(SOURCE MATERIAL Opens)

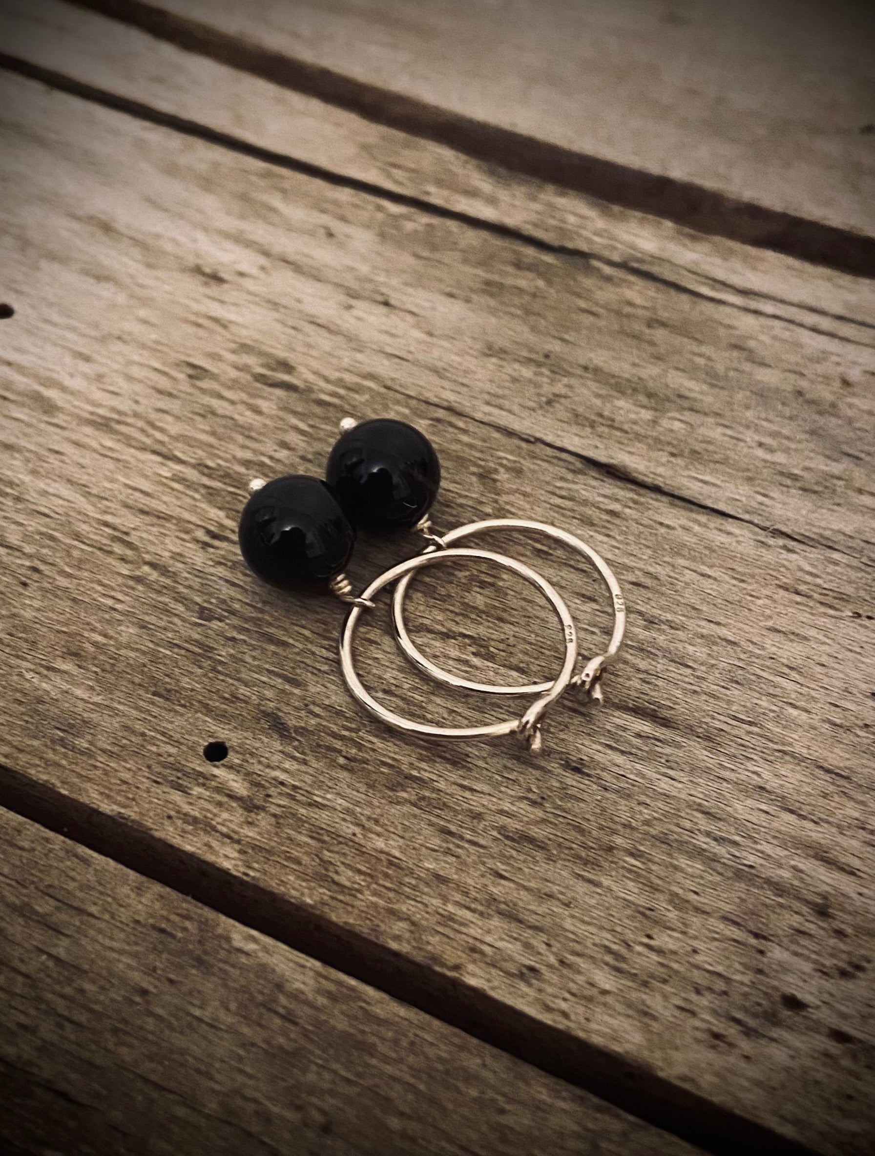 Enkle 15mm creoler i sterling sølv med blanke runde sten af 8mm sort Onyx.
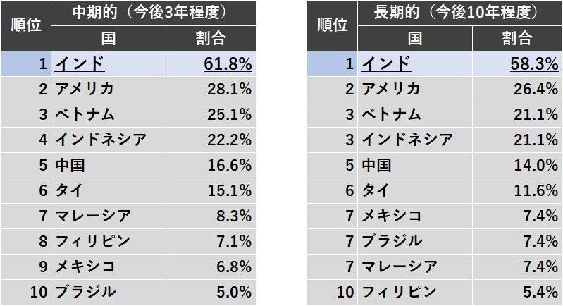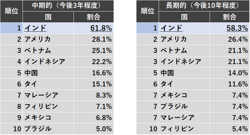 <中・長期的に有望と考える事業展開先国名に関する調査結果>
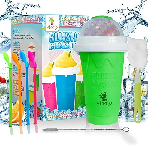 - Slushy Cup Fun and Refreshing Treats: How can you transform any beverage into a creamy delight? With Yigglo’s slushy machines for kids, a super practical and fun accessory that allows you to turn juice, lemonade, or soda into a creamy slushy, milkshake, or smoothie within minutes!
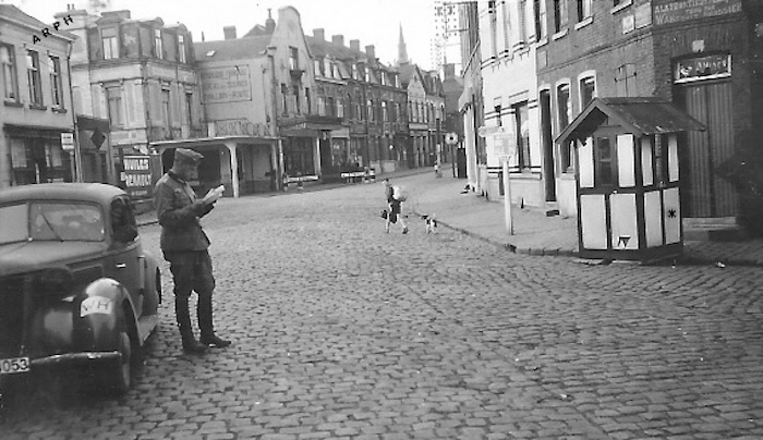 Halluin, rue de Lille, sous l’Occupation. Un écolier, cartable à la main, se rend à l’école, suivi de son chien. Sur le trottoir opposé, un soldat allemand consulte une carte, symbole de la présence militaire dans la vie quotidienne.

(SOURCE MATERIAL Closes)

[YOUR INSTRUCTIONS] Go to the line above holding "<中・長期的に有望と考える事業展開先国名に関する調査結果>", then copy exactly each line down to and including the one holding "- Slushy Cup", leaving pictures out.

[OUTPUT OF THE EXERCISE]
 <中・長期的に有望と考える事業展開先国名に関する調査結果>
 - Slushy Cup Fun and Refreshing Treats: How can you transform any beverage into a creamy delight? With Yigglo’s slushy machines for kids, a super practical and fun accessory that allows you to turn juice, lemonade, or soda into a creamy slushy, milkshake, or smoothie within minutes!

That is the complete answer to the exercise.